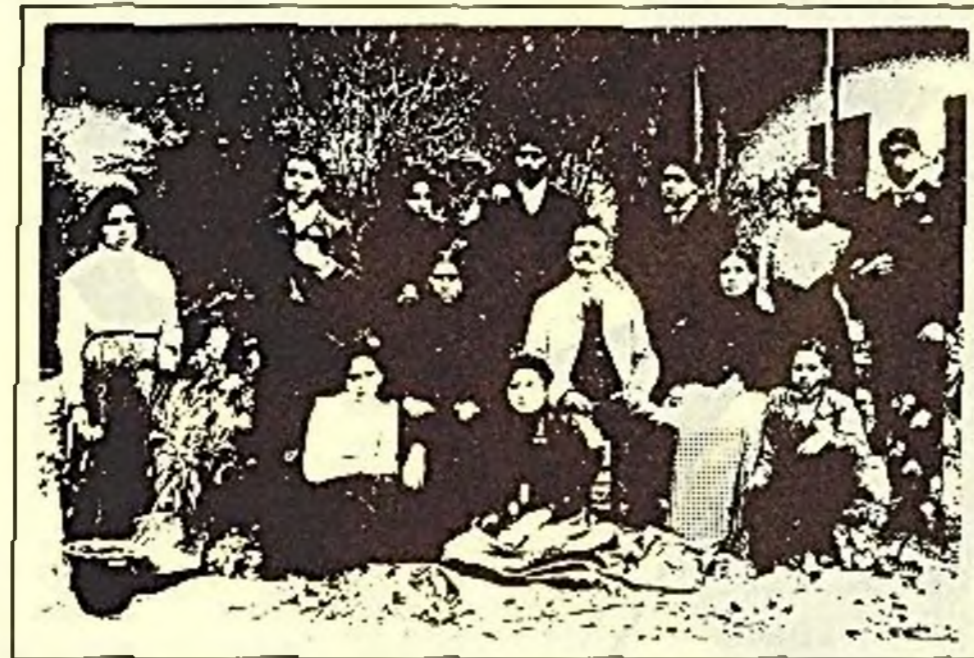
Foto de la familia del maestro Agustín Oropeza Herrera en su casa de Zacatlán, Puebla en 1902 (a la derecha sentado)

---

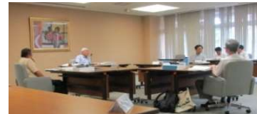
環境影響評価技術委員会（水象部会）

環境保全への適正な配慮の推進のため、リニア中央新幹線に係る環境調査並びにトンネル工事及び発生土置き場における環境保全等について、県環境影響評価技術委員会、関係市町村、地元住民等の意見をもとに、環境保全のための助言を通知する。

...

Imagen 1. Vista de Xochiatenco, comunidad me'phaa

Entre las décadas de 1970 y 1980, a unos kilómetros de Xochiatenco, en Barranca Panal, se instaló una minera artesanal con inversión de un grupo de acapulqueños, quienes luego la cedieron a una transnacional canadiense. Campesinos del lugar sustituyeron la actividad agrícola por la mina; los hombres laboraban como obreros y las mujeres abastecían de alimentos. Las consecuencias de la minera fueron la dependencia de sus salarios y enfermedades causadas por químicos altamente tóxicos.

Required action:
Where the data above reaches the line holding "環境影響評価技術委員会（水象部会）", begin printing, and stop after the line holding "環境保全への適正な配慮の推進". Each line must be reproduced exactly, with nothing else added.

Task result:
環境影響評価技術委員会（水象部会）

環境保全への適正な配慮の推進のため、リニア中央新幹線に係る環境調査並びにトンネル工事及び発生土置き場における環境保全等について、県環境影響評価技術委員会、関係市町村、地元住民等の意見をもとに、環境保全のための助言を通知する。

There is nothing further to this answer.